Masoud is just 13 years old, but he has been working since he was just six. “When my friends and I are working, most children are still asleep,” he explains. Until recently, he worked with his father in a freight yard, and they would arrive early each morning before the first call to prayer, just as the sun was peeking over the horizon. “If I’m late, others will carry the items and there will be no work left for me,” Masoud explains. “I have to be at the yard before the trucks arrive in order to get work.”

Two years ago, Masoud started his education when he was enrolled in a World Vision programme that helps street children through a local enrichment centre. Masoud used to study part time after work, but, unexpectedly, the coronavirus pandemic has now made his first wish come true.

“One early morning I went to work with my father. The roads were blocked by the police, but we used other ways to get there. The door of the freight yard was also closed, and we got hopeless and sad.

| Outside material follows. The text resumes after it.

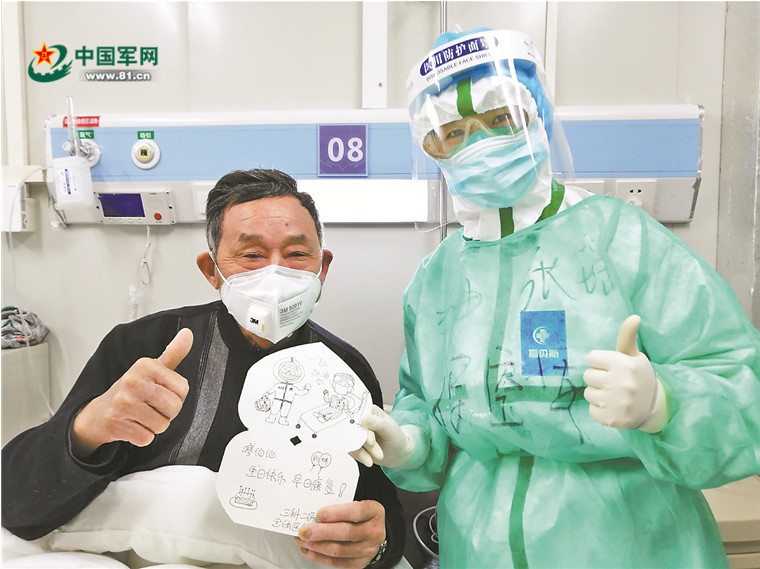當天晚飯,護士長張瑤帶隊,端著蛋糕,捧著賀卡,唱著生日歌,走進病房。廖爺爺激動地流下了眼淚:“這是我八十年來最難忘的生日之一。”

We asked the people what is going on, and they said ‘corona’ had come. I didn’t understand what was happening, but finally we came home. My father and I lost our jobs at the freight yard, but I achieved my dream of sleeping till six in the morning.”
One day soon after he lost his job, Masoud went to the enrichment centre, but things were a bit different when he arrived. “As soon as I entered, I was given a mask and gloves. Instead of how we sat normally, now we sat in chairs placed far apart.”

“We received an information sheet, and the teachers explained about the coronavirus and the hygiene practices we needed to fight with this virus.” Masoud also left the enrichment centre that day with a new mission. “The teachers asked us to pass these learnings onto others, and I’ve played my role,” Masoud added proudly.

Before, Masoud didn’t know what coronavirus was and believed his father when he told him it did not exist. But now, Masoud has been able to share his knowledge and help his father and friends stay safe from the virus. Although Masoud and other child labourers are some of the most vulnerable to being exposed to the virus, many do not have access to television and other media where awareness messages are typically shared. However, now equipped with the knowledge from the enrichment centre, Masoud is able to share information to stop the spread of the virus.

Masoud is still working, this time as a rubbish collector, but he is hopeful that his new awareness will help keep him safe as he works to support his family. And maybe one day, his other dream of graduating from school and becoming a doctor might still come true.